You are viewing a plain text version of this content. The canonical link for it is here.
Posted to solr-user@lucene.apache.org by Prasanna R <pl...@gmail.com> on 2011/08/05 20:17:36 UTC

Re: Handling space variations in queries - matching 'thunderbolt' for query 'thunder bolt'

Requesting the community for feedback one more time - Does anyone have any
suggestions/comments regarding this?

Thanks in advance,

Prasanna

On Sat, Jul 30, 2011 at 12:04 AM, Prasanna R <pl...@gmail.com> wrote:

>
> We use a dismax handler with mm 1 in our Solr installation. I have a
> fieldType defined that creates shingles to handle space variations in the
> input strings and user queries.

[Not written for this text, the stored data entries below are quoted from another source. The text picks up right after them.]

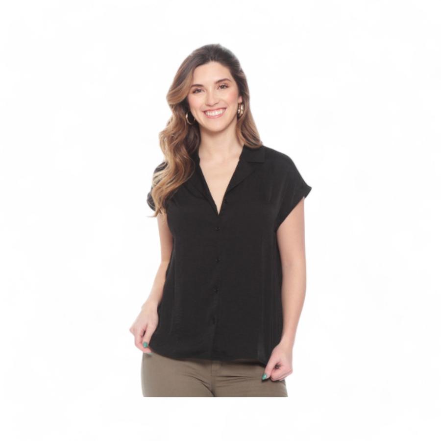 Blusa sin mangas en color Negro, de diseño sólido y abotonada al frente, ideal para un look fresco y elegante. Confeccionada en 100% poliéster, es ligera y cómoda, perfecta para días cálidos o para combinar en capas.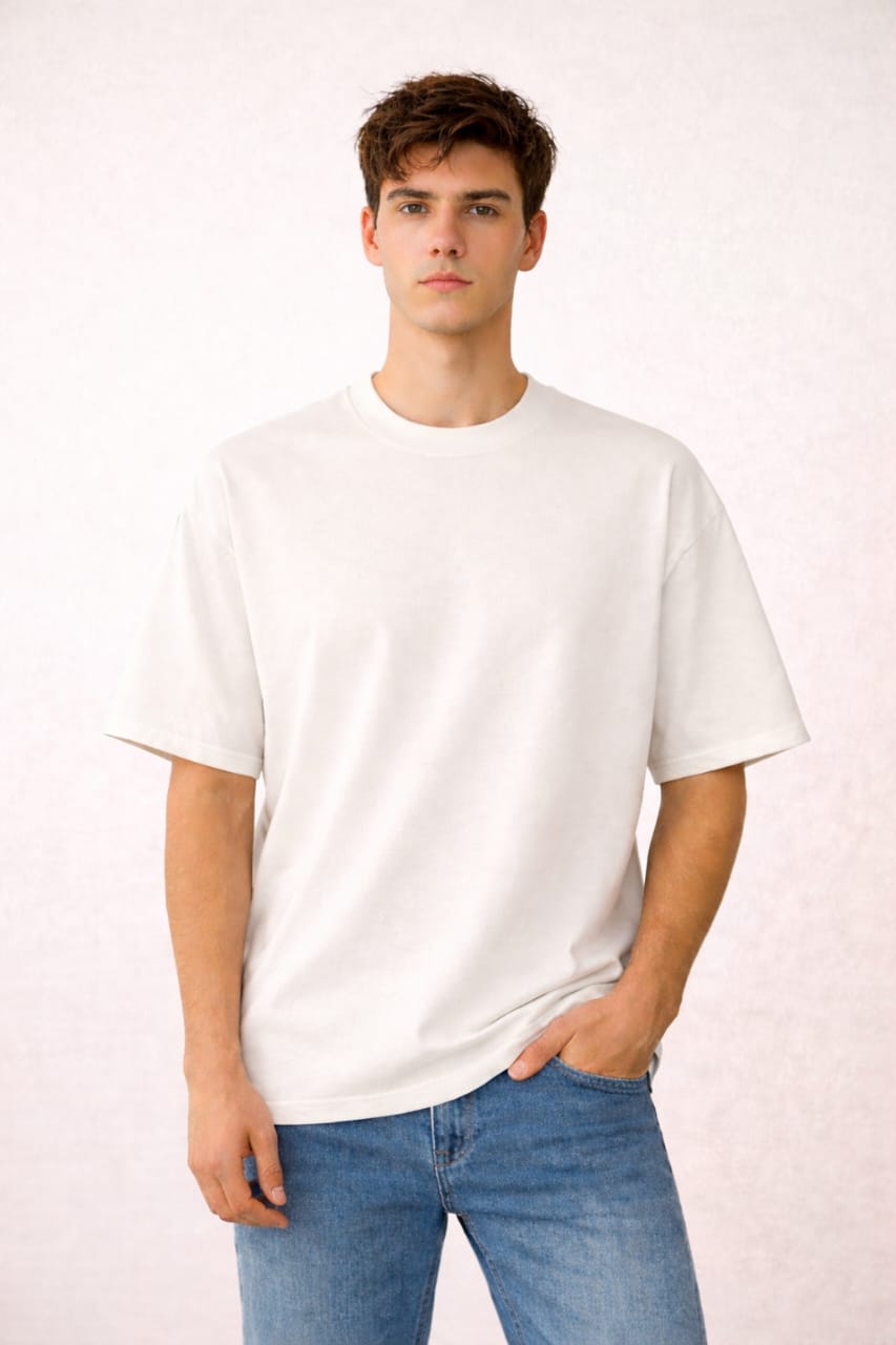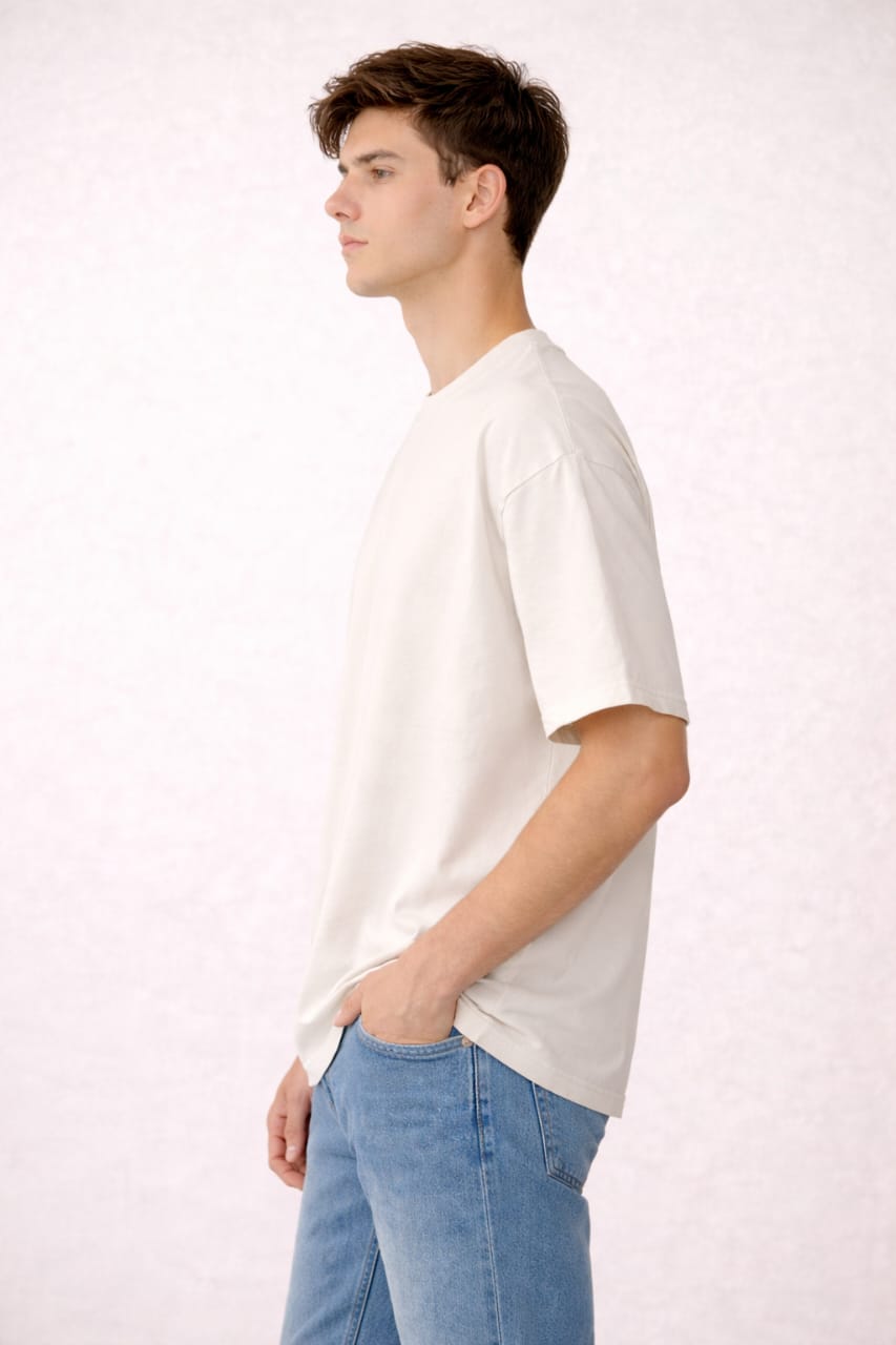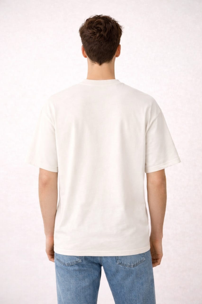 The off-white shade adds a subtle, elegant tone that looks richer than plain white and pairs perfectly with both light and dark bottoms. Designed in a relaxed oversized fit, it’s ideal for streetwear styling, daily wear, travel, and casual outings.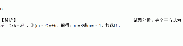 A. 8 B. -4 C. ±8 D. 8或-4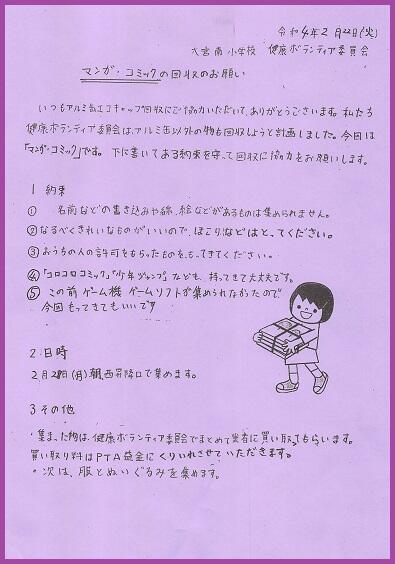その代わりとして、2月14日(月)~15日(火)9時~16時の間、大宮南小にて、リサイクル品の回収を行っています。集めていただいた資源物を学校にお届けいただければ幸いに存じます。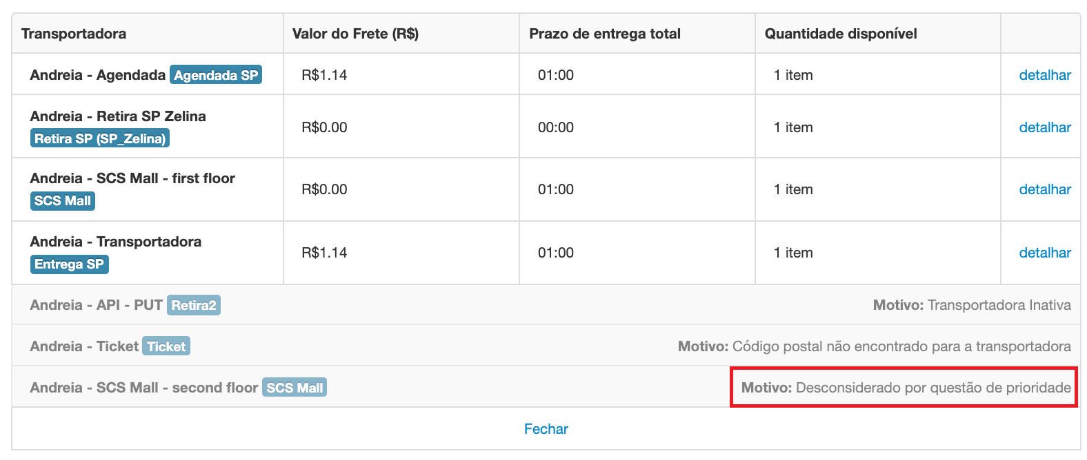 Nesse caso, o módulo de logística desconsiderou os pontos de retirada pelo seu algoritmo de priorização. Durante esse processo, apenas um dos métodos de envio de mesmo nome é apresentado ao comprador. Saiba mais nesse artigo sobre divergência entre políticas de envio.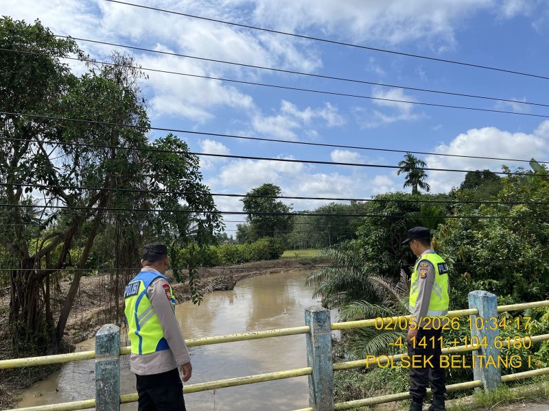 Belitang – Sebagai bentuk kewaspadaan terhadap potensi bencana alam di musim penghujan, jajaran Polsek Belitang I Polres OKU Timur terus intensif melakukan pemantauan terhadap kondisi perairan di wilayah hukumnya. Pada Kamis pagi, 5 Februari 2026, sejumlah personel piket kepolisian melaksanakan giat monitoring perkembangan debit air di aliran Sungai Macak yang melintasi Desa Sukajadi. Kegiatan yang dimulai sejak pukul 09.00 WIB ini bertujuan untuk mendeteksi secara dini potensi kenaikan volume air yang dapat mengancam pemukiman warga serta lahan pertanian di sekitar bantaran sungai demi menjamin keselamatan masyarakat setempat.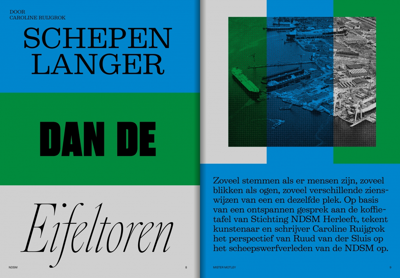 Stichting NDSM-werf en mister Motley besloten deze uiteenlopende, experimentele en altijd veranderende plek als uitgangspunt te nemen voor een kleurrijk tijdschrift. De ontwikkelingen op de

This fieldType can successfully handle cases
> where the query is 'thunderbolt' and the document contains the string
> 'thunder bolt' (the shingle results in the token 'thunderbolt' created
> during indexing).  However, due to the pre-analysis whitespace tokenization
> done by lucene query parser, the reverse is not handled well - document with
> string 'thunderbolt' being matched to query 'thunder bolt'.
>
> I find that in our dismax handler the shingle field records a match and
> scores on the 'pf' but the document is not returned as none of the fields in
> 'qf' record a match (mm is 1). I am looking for suggestions on how to handle
> this scenario. Using a synonym will obviously work but it seems a rather
> hackish solution. Is there a more elegant way of achieving a similar effect?
>
>
> Alternatively, is there a way to get the 'mm' parameter to factor in
> matches on 'pf' also?
>
> Kindly help.
>
> Regards,
>
> Prasanna
>